▸ STORED DATA:

▬▬▬▬▬▬▬▬▬▬

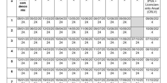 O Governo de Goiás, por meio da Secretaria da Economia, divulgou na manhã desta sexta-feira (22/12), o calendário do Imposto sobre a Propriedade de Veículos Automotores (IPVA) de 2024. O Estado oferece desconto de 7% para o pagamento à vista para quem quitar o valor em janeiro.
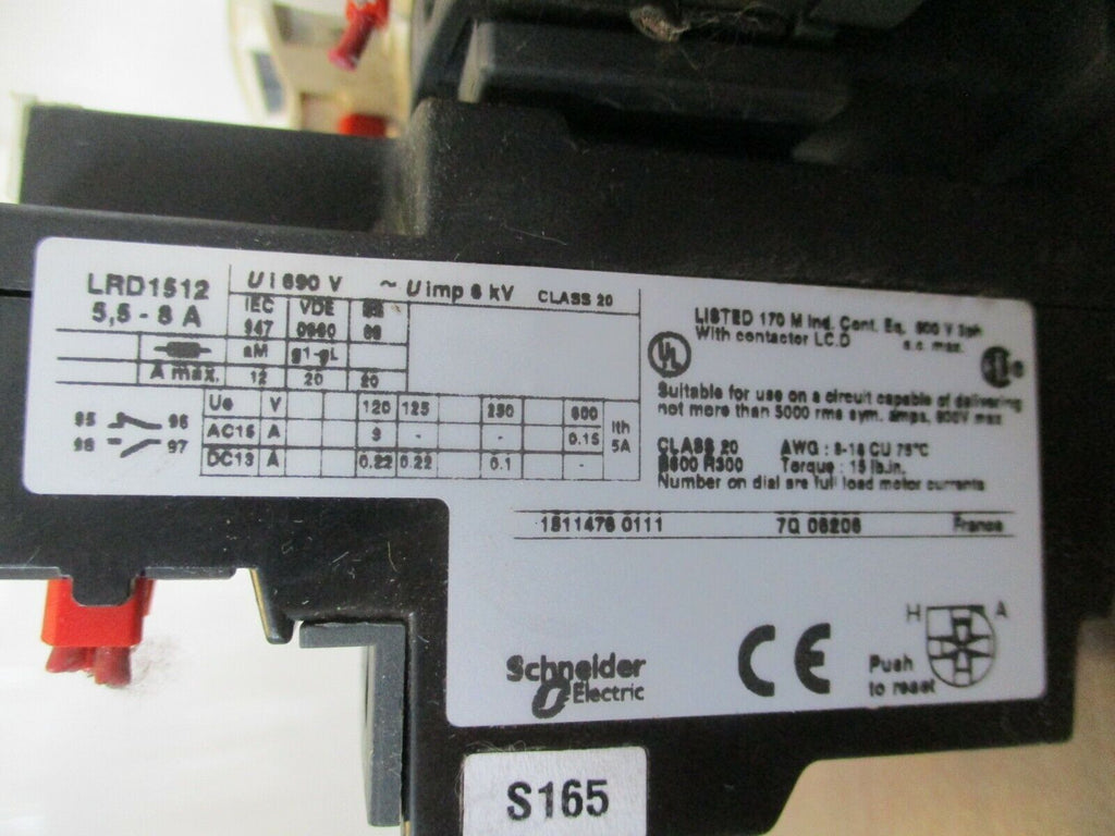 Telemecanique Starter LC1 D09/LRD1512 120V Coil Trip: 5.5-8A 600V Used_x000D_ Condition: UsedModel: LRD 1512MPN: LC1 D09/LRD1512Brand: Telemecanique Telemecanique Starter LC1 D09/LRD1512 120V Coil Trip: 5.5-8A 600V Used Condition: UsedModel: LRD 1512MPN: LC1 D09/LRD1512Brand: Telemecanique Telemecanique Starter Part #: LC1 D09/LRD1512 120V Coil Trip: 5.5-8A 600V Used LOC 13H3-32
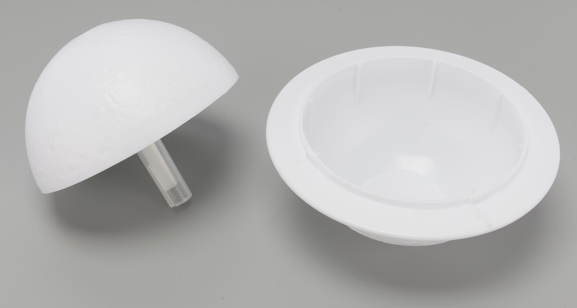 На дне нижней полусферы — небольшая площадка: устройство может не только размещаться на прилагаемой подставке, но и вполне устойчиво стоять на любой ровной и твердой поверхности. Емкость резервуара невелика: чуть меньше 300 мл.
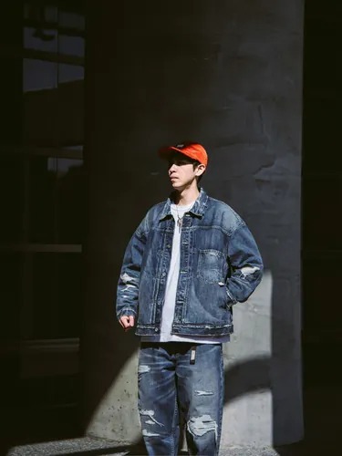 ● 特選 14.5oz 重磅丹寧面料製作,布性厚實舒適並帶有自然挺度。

▬▬▬▬▬▬▬▬▬▬

▸ REQUIRED WORK: Please copy the lines above exactly as written, apart from any pictures.

▸ ANSWER TO THE PROBLEM:
 O Governo de Goiás, por meio da Secretaria da Economia, divulgou na manhã desta sexta-feira (22/12), o calendário do Imposto sobre a Propriedade de Veículos Automotores (IPVA) de 2024. O Estado oferece desconto de 7% para o pagamento à vista para quem quitar o valor em janeiro.
 Telemecanique Starter LC1 D09/LRD1512 120V Coil Trip: 5.5-8A 600V Used_x000D_ Condition: UsedModel: LRD 1512MPN: LC1 D09/LRD1512Brand: Telemecanique Telemecanique Starter LC1 D09/LRD1512 120V Coil Trip: 5.5-8A 600V Used Condition: UsedModel: LRD 1512MPN: LC1 D09/LRD1512Brand: Telemecanique Telemecanique Starter Part #: LC1 D09/LRD1512 120V Coil Trip: 5.5-8A 600V Used LOC 13H3-32
 На дне нижней полусферы — небольшая площадка: устройство может не только размещаться на прилагаемой подставке, но и вполне устойчиво стоять на любой ровной и твердой поверхности. Емкость резервуара невелика: чуть меньше 300 мл.
 ● 特選 14.5oz 重磅丹寧面料製作,布性厚實舒適並帶有自然挺度。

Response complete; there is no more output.